UK's minister Hughes resigns

Britian's Home Office minister Beverley Hughes has resigned in the wake of the row about her handling of immigration issues.

Britian's Home Office minister Beverley Hughes has resigned in the wake of the row about her handling of immigration issues.

Ms Hughes has been embroiled in a "scandal"' centred on allegations that the Home Office "rubber-stamped'' immigration applications from eastern Europe despite warnings from embassies that many were based on bogus documents.

The beleaguered immigration minister insisted on Tuesday that her conscience was clear over the allegations - and she received the full backing of her boss, Home Secretary David Blunkett and the Prime Minister.

The Tories called for Ms Hughes to resign after it emerged that the Home Office had been warned 18 months ago of an “organised scam” involving Romanian and Bulgarian applicants for permission to stay in Britain.

In a stormy Commons debate, shadow home secretary David Davis accused her of presiding over a “catastrophic failure” in the immigration system, which had seen embassy warnings of bogus applications routinely ignored by officials at the Immigration and Nationality Directorate (IND).

And Tories accused her and Mr Blunkett of trying to palm off blame on to civil servants, after the Home Secretary said it should be “common sense” for officials to reject applications based on forged or fraudulent documentation.
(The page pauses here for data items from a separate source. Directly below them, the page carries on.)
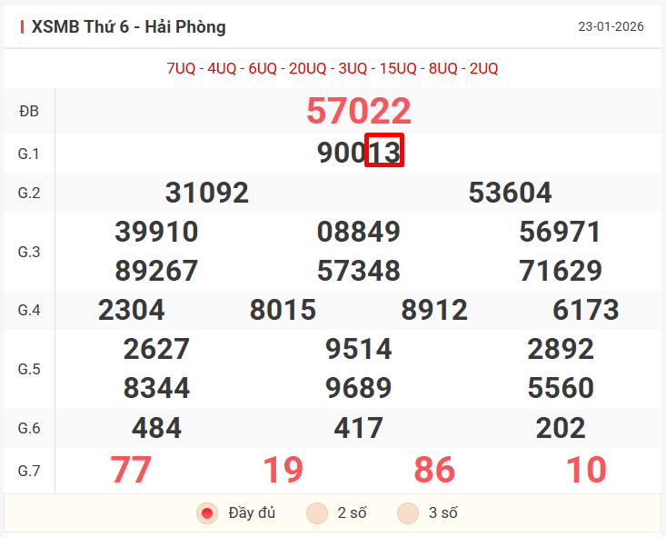 – Lô vip cho ngày 23/01/2026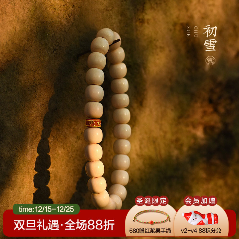 觉人原创天然冰料猛犸牙满纹手串18K黄金南红六字真言手链[初雪]G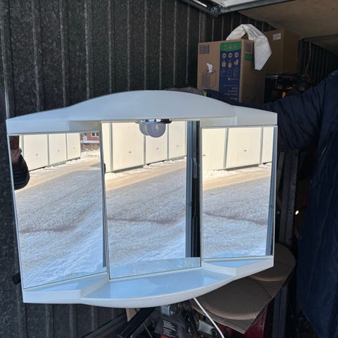 Kuvan mukainen peilikaappi. Lipassa lamppu.

Mr Blunkett offered a staunch defence of his minister, telling MPs: “She has our unequivocal backing and will continue to do so.”

He announced the suspension of all immigration applications from Romania and Bulgaria while an internal investigation is carried out.

And Ms Hughes – who has been under constant flak since allegations of systematic waiving of checks on would-be immigrants from eastern Europe were first aired three weeks ago – was defiant.

“I am not resigning, because my conscience is clear,” she told MPs. “I am neither incompetent nor dishonest and I intend to continue doing my job as long as the Prime Minister and Home Secretary want me to.”

Tony Blair made clear she retained his support. His official spokesman said: “The Prime Minister believes Beverley Hughes is a first-rate minister and the job that she does is probably one of the toughest jobs outside Cabinet.”